**Requirement**: Transcribe the listing below exactly, without pictures.

**Supplied data**:
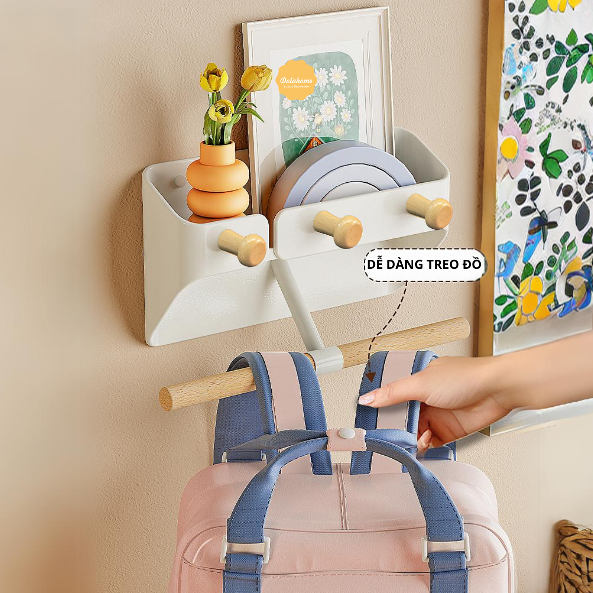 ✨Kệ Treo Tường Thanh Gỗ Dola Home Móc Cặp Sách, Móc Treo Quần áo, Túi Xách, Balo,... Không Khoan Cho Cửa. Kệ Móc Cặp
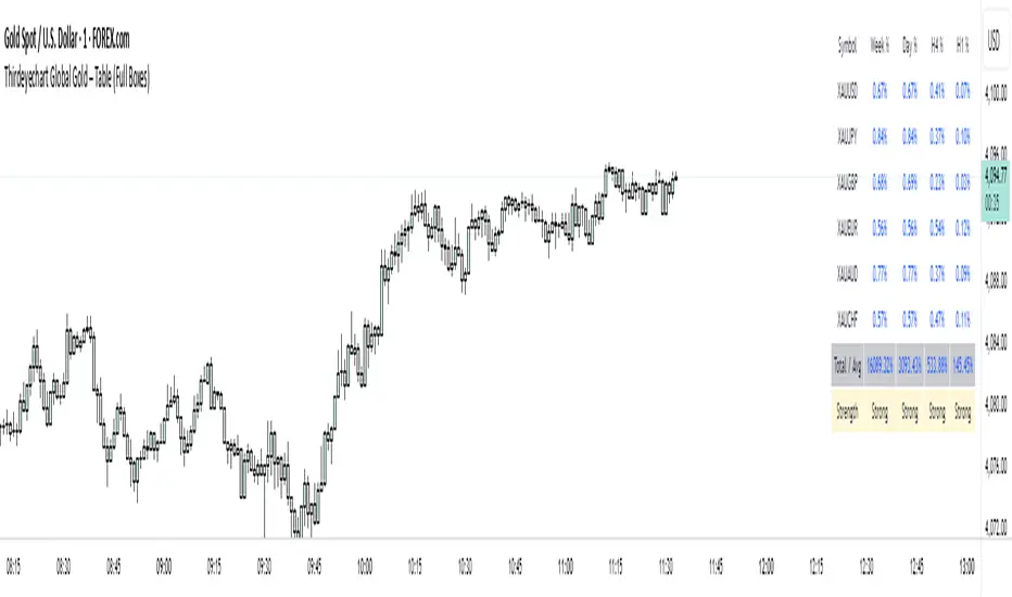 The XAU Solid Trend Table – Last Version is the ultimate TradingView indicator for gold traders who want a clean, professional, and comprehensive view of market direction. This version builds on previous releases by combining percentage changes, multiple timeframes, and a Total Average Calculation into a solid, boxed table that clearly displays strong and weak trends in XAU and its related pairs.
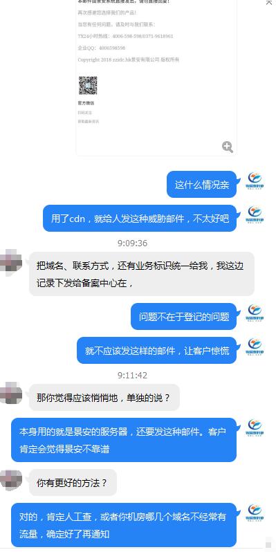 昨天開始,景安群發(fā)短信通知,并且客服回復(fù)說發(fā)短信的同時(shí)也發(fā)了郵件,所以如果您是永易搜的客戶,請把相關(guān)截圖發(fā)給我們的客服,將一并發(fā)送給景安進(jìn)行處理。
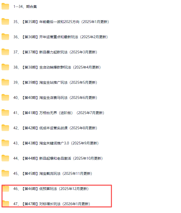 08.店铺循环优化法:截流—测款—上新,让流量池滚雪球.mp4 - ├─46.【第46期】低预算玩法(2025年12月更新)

**Response to this exercise**:
 ✨Kệ Treo Tường Thanh Gỗ Dola Home Móc Cặp Sách, Móc Treo Quần áo, Túi Xách, Balo,... Không Khoan Cho Cửa. Kệ Móc Cặp
 The XAU Solid Trend Table – Last Version is the ultimate TradingView indicator for gold traders who want a clean, professional, and comprehensive view of market direction. This version builds on previous releases by combining percentage changes, multiple timeframes, and a Total Average Calculation into a solid, boxed table that clearly displays strong and weak trends in XAU and its related pairs.
 昨天開始,景安群發(fā)短信通知,并且客服回復(fù)說發(fā)短信的同時(shí)也發(fā)了郵件,所以如果您是永易搜的客戶,請把相關(guān)截圖發(fā)給我們的客服,將一并發(fā)送給景安進(jìn)行處理。
 08.店铺循环优化法:截流—测款—上新,让流量池滚雪球.mp4 - ├─46.【第46期】低预算玩法(2025年12月更新)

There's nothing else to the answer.